| The problem |
Before writing anything, find the line that contains "(3)垂直結構的芯片,不僅可", then retype the entries below exactly from their first line through that one, without pictures.

-------- Data for review

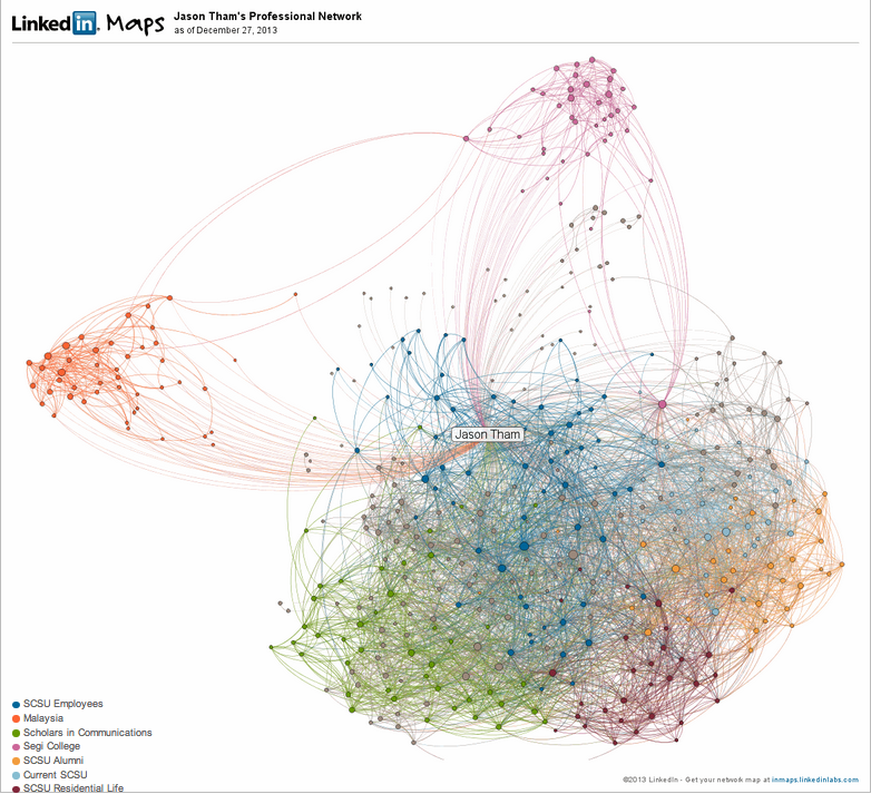 As I become more interested to learn about how my connections with people looks like, I used a LinkedIn built-in app to visualize such connections. This allows me to think of ways to explain to students what a PLN is/looks like, and things they should consider:
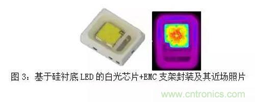 (3)垂直結構的芯片,不僅可以采用陶瓷封裝工藝,也可以采用更為廉價的支架封裝方式,進一步降低客戶的使用成本,如圖3所示,這為高品質照明提供了無限的可能。利用硅襯底LED芯片,可實現照明品質更佳、系統成本更低、設計方案更靈活、更具創新性的LED照明解決方案。
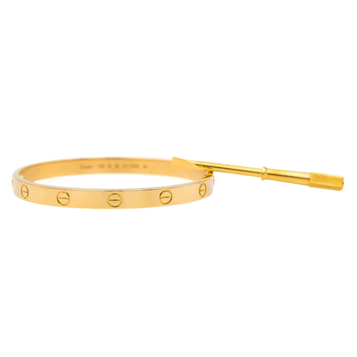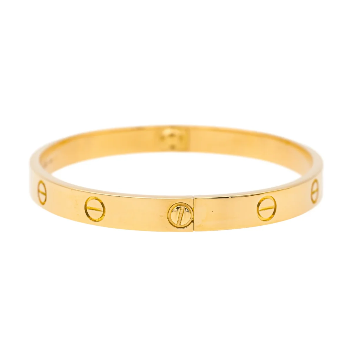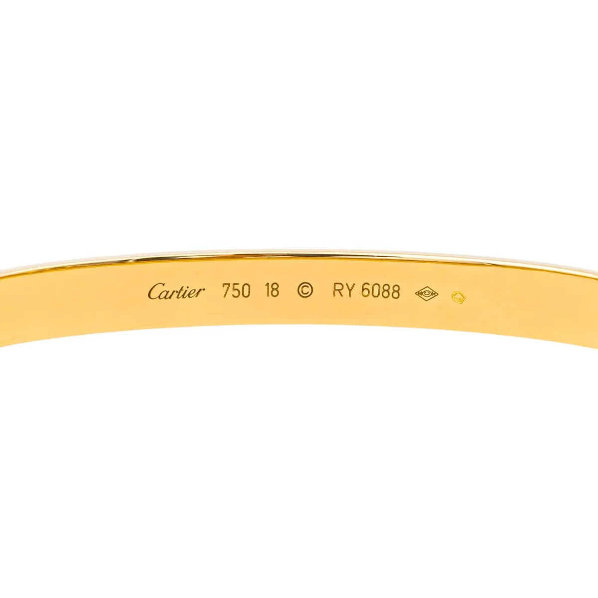 Bracelet signé de la Maison Cartier, en or jaune 750 millièmes (18 carats), modèle classique Love, diamètre intérieur : 5,95 cm x 5,00 cm, tour de poignet : 18 cm, largeur : 0,61 cm, numéroté : RY6088, vendu avec tournevis et pochette d’origine, poids total : 36,48 g, Poinçon Saint Bernard, Excellent état
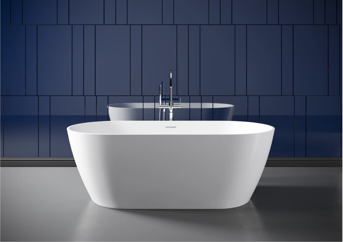 The core material is consisted of marble, resin and polymer with the use of high technology invention from Germany in the manufacturing process. These materials are produced under vacuum thereby eliminating all trapped air making them non porous and thus absorbing much less water than their natural counterpart. The result is a unique and versatile materialperfect for making luxurious bathtubs.
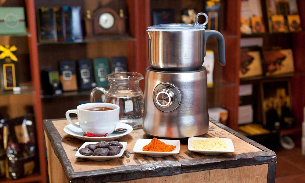 - A tejhabosító ( például Sage BMF600) készüléken állítsa be a hőmérsékletet 60°C-ra. Lassan adja hozzá a csokoládé darabkákat! 250 ml vízhez kb. 50g étcsokoládé, ill. 60g fehércsokoládé szükséges és maximum egy teáskanál kakaóvajat adjon hozzá.
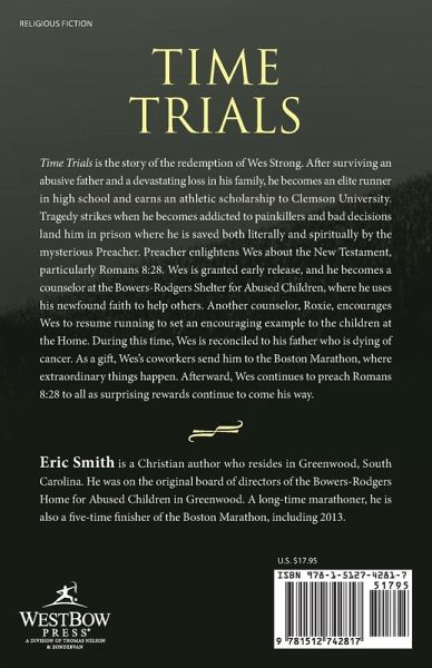 Time Trials is the story of the redemption of Wes Strong. After surviving an abusive father and a devastating loss in his family, he becomes an elite runner in high school and earns an athletic scholarship to Clemson University. Tragedy strikes when he becomes addicted to painkillers and bad decisions land him in prison where he is saved both literally and spiritually by the mysterious Preacher. Preacher enlightens Wes about the New Testament, particularly Romans 8:28. Wes is granted early release, and he becomes a counselor at the Bowers-Rodgers Shelter for Abused Children, where he uses his newfound faith to help others. Another counselor, Roxie, encourages Wes to resume running to set an encouraging example to the children at the Home. During this time, Wes is reconciled to his father who is dying of cancer. As a gift, Wes's coworkers send him to the Boston Marathon, where extraordinary things happen. Afterward, Wes continues to preach Romans 8:28 to all as surprising rewards continue to come his way.

----------------

| Task result |
 As I become more interested to learn about how my connections with people looks like, I used a LinkedIn built-in app to visualize such connections. This allows me to think of ways to explain to students what a PLN is/looks like, and things they should consider:
 (3)垂直結構的芯片,不僅可以采用陶瓷封裝工藝,也可以采用更為廉價的支架封裝方式,進一步降低客戶的使用成本,如圖3所示,這為高品質照明提供了無限的可能。利用硅襯底LED芯片,可實現照明品質更佳、系統成本更低、設計方案更靈活、更具創新性的LED照明解決方案。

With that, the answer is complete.